E isso deve inquietar qualquer um que ainda acredite que escrever é mais do que entregar conteúdo com quebras de parágrafo.

Essas escritas são uma espécie de fast food linguístico, projetado para prazer imediato e digestão sem esforço, calibrado para proporcionar um breve pico emocional antes de se dissolver no éter esquecível de mil abas abertas. Ele lisonjeia em vez de alimentar, oferecendo a ilusão de profundidade da mesma forma que o açúcar processado imita a nutrição: um golpe sem substância, uma doçura que não deixa nenhum gosto residual de pensamento.

A receita é tão previsível quanto eficaz: comece com um sentimento amplo e amorfo, de preferência universal o suficiente para soar profundo, mas vago o suficiente para se aplicar a qualquer pessoa; polvilhe com um punhado de mantras semi-iluminados ("a cura não é linear", "você merece um amor suave", "não se retraia para ser amado") que soem íntimos e imprimíveis; e finalize com uma frase final tão citável que poderia muito bem chegar pré-selecionada para sacolas e legendas do Instagram.

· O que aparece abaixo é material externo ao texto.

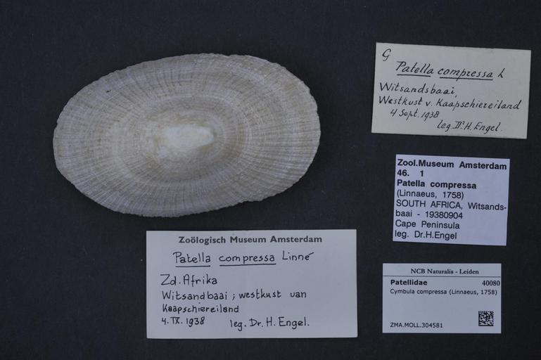Keywords: Naturalis Biodiversity Center - ZMA.MOLL.304581 - Cymbula compressa (Linnaeus, 1758) - H. Engel - Witsandbaai, South Africa - 1938.jpg Basis of record Preserved specimen Scientific name Cymbula compressa Linnaeus 1758 Catalog number ZMA MOLL 304581 Collection code Animalia Mollusca Gastropoda subclass Patellogastropoda Patellidae subfamily Patellinae Cymbula Specific epithet compressa Infraspecific rank Infraspecific epithet Scientific name authorship Linnaeus 1758 Nomenclatural code Kind of unit specimen Shell Air dried Type status None Life stage Individual count South Africa State or province Western Cape Witsandbaai Collection date September 4 1938 Legacy Dr H Engel Occurrence ID http //bioportal naturalis nl/ Bioportal Naturalis Biodiversity Center<br> page Institution Naturalis Source url http //medialib naturalis nl/file/id/ZMA MOLL 304581/format/large Medialib naturalis nl Permission license Naturalis donation CC-0 Uploaded with UploadWizard Media donated by Naturalis Biodiversity Center Cymbula compressa Western Cape Molluscs at Naturalis from the Zoölogisch Museum Amsterdam |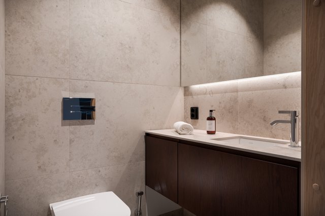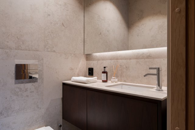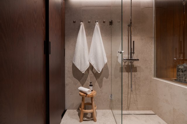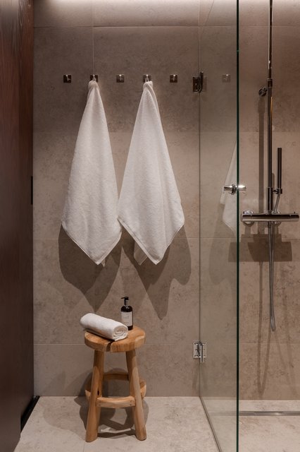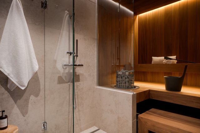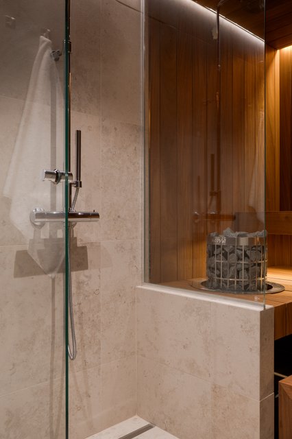 Kodin pesutilat jatkavat samaa hillityn ylellistä linjaa. Luonnonsävyiset laatat, laadukkaat kalusteet ja pehmeä valaistus luovat tilaan lähes spa-henkisen tunnelman. Saunan haapapaneelit ja lasiseinät tekevät siitä kauniin osan kokonaisuutta, ja moderni pylväskiuas tuo löylyihin juuri oikeanlaista Lapin lämpöä.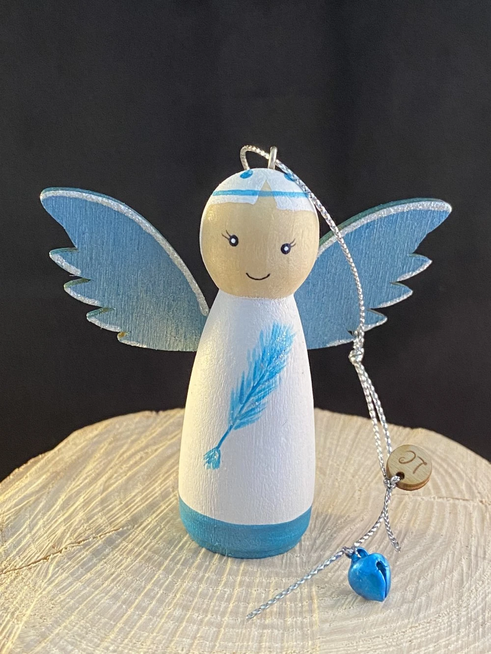 Après avoir peint à la main quelques crèches en bois, mes filles m’ont demandé de réaliser également des boules en bois pour notre sapin … D’où l’idée de développer une gamme de plusieurs sortes de déco de Noël à suspendre dans le sapin ! Ici un joli petit ange turquoise et blanc en bois de 6,5 cm suspendu avec un joli cordon argenté et fini par une clochette ! Il est bien entendu peint à la main dans mon petit atelier bourguignon et verni satiné . Si vous désiriez une couleur ou une taille bien précise plus grande ou plus petite n’hésitez pas à fouiller dans ma boutique ou à me demander une création sur mesure.

O objetivo não é escavar, interrogar ou reimaginar nada, mas sim acalmar, tranquilizar o leitor de que sua dor meio processada já é sabedoria, que o próprio reconhecimento equivale à revelação, que sentir-se visto é o mesmo que compreender. É uma escrita despida de luta, de tensão, de atrito, uma prosa que nunca corre o risco de ofender, nunca corre o risco de fracassar e, portanto, nunca corre o risco de ser importante.

É uma isca emocional disfarçada de prosa.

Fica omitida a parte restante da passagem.